The National Transportation Safety Board (NTSB), on Sunday, provided details on some of the items recovered from the scene of the helicopter crash that led to the death of the Group Chief Executive Officer of Access Holdings Plc, Herbert Wigwe, his wife, son and other crew members onboard.
The board also provided a brief insight into the aircraft’s flight trajectory before crashing near Halloran Springs in California.
The details were provided by a board member with the NTSB, Michael Graham, during a press briefing held Sunday afternoon in Barstow, California.
At the briefing, Mr Graham notes that they were at the crash scene to gather evidence on Sunday.
PREMIUM TIMES reported the helicopter crash that occurred Friday near the California-Nevada border in the United States of America. On the aircraft were Mr Wigwe, his wife and his son, as well as Abimbola Ogunbanjo, former group chairman of Nigerian Exchange Group Plc (NGX Group), and at least two crew members.
The NTSB, an independent agency charged by the US Congress to investigate every civil aviation accident and significant accidents in the other modes of transportation across the United States of America, has since moved to the location to commence investigations into the possible causes of the crash.
Mr Graham said the team began the day’s activities with aerial drone mapping and site documentation of the wreckage, and that the airworthiness group began a detailed examination of the debris field.
“The debris field was approximately 100 yards in length,” he said, noting that all major components of the crashed helicopter were accounted for and identified at the accident site.

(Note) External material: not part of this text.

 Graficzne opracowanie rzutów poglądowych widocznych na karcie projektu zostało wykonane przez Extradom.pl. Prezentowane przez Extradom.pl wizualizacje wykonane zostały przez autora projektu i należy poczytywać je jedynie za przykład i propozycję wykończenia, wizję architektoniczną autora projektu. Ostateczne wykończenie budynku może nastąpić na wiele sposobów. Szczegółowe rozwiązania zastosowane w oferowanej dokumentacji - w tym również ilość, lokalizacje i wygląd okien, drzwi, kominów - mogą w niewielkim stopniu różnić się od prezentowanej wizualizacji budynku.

The investigators listed the components to include three main rotor blades, the main transmission, the engine, tail rotor landing and gear skids.

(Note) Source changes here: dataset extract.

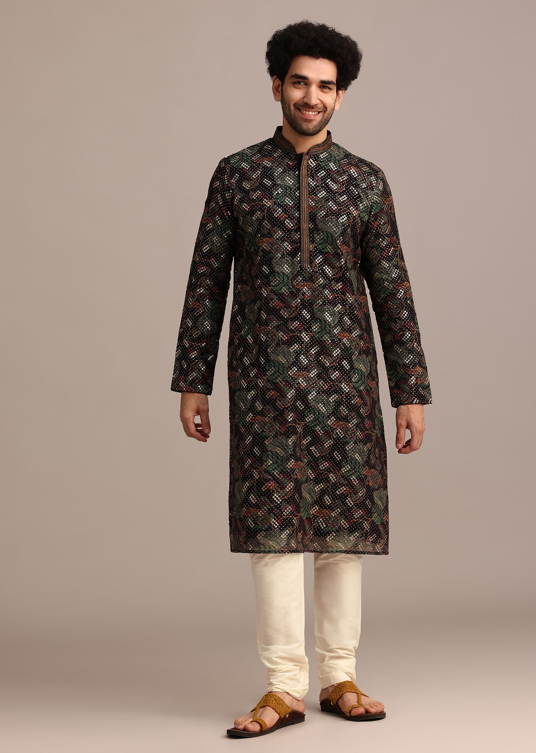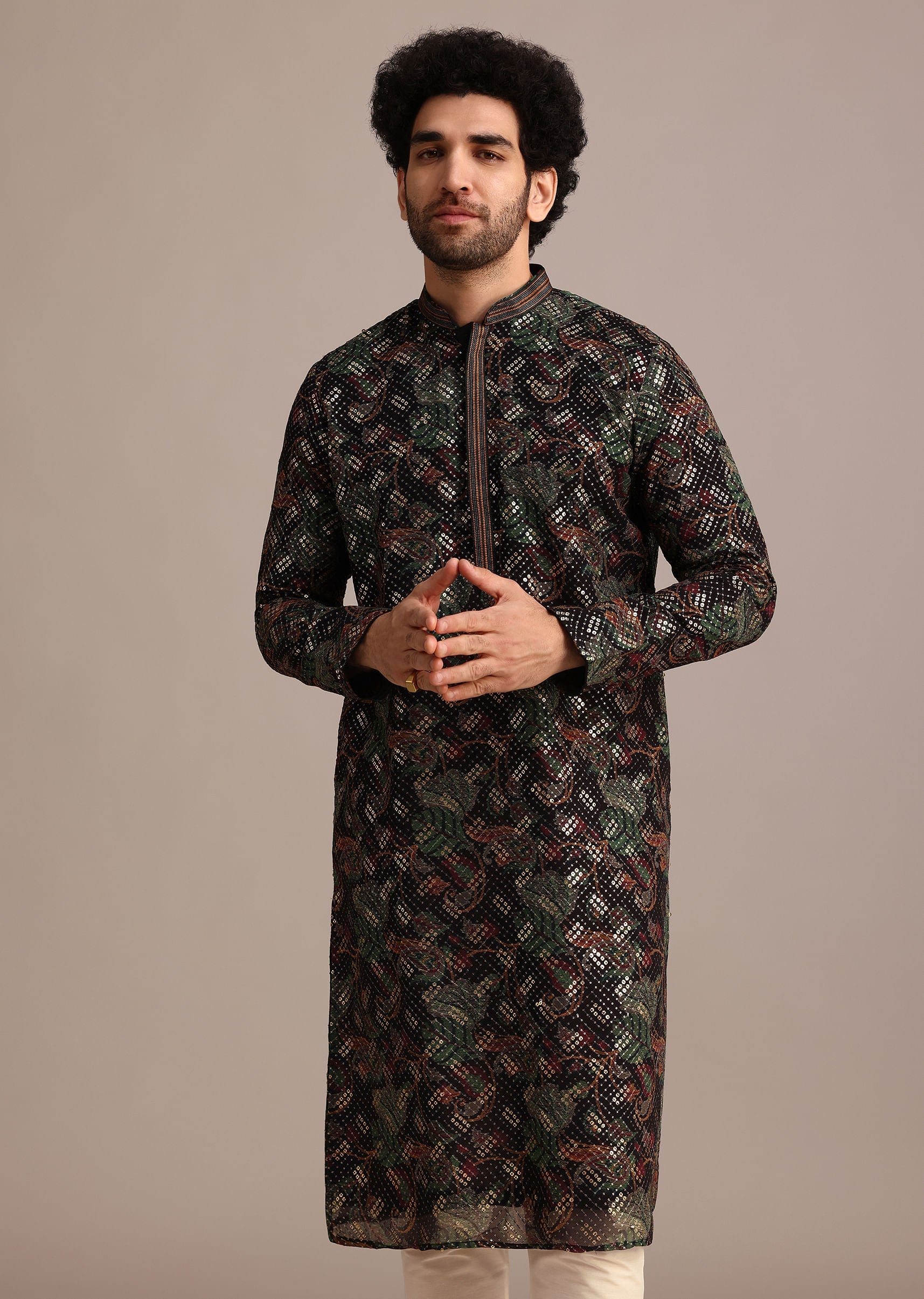 Charm the onlookers with this dazzline black kurta and pant set. The premium georgette base is crafted with a mandarin collar front hookeye placket and a full sleeve design. Gleaming with all over sequin work this sleek and comfortable fit is ideal for festive occasions family gatherings and formal functions. Awarded as the Most Trusted Brand, we're delivering styles you love, just as promised.

Mr Graham said the ADSB data (flight track data) shows that the helicopter was travelling along Interstate 15, approximately 1000 to 1500 feet above ground level.
He noted that near the end of the flight, track data showed a slight right turn, turning south of the interstate and a gradual descent and increasing ground speed.
The official explained that the flight track data ended about a quarter mile from the wreckage location, while the wreckage site shows the helicopter impacted the terrain in a “nose low and right bank angle”.
“Various electronic devices and onboard equipment were recovered at the scene for further examination and Analysis,” he said, adding that the wreckage will moved to a secure location on Tuesday for further examination and analysis.
Rain, wintery mix
Meanwhile, he recalled that during his first briefing on the incident he had mentioned that witnesses reported rain and a wintery mix at the crash location. This, he said, was confirmed by his team.
“Our NTSB meteorologist through weather radar images and data can now support witness reports of precipitation at the time and location of the accident,” Mr Graham said.
“We’re working with Orbic to schedule interviews with key personnel.”
Mr Graham said Sunday’s briefing will be the last on-scene press briefing by the NTSB.
However, the official stated that the unseen portion of the investigation will continue until complete.
“As a reminder, a preliminary report of the accident is expected within 30 days and a full NTSB investigation lasts 12 to 24 months before a final report is issued. Any additional information about the status of the investigation will come from NTSB headquarters in Washington,” he said.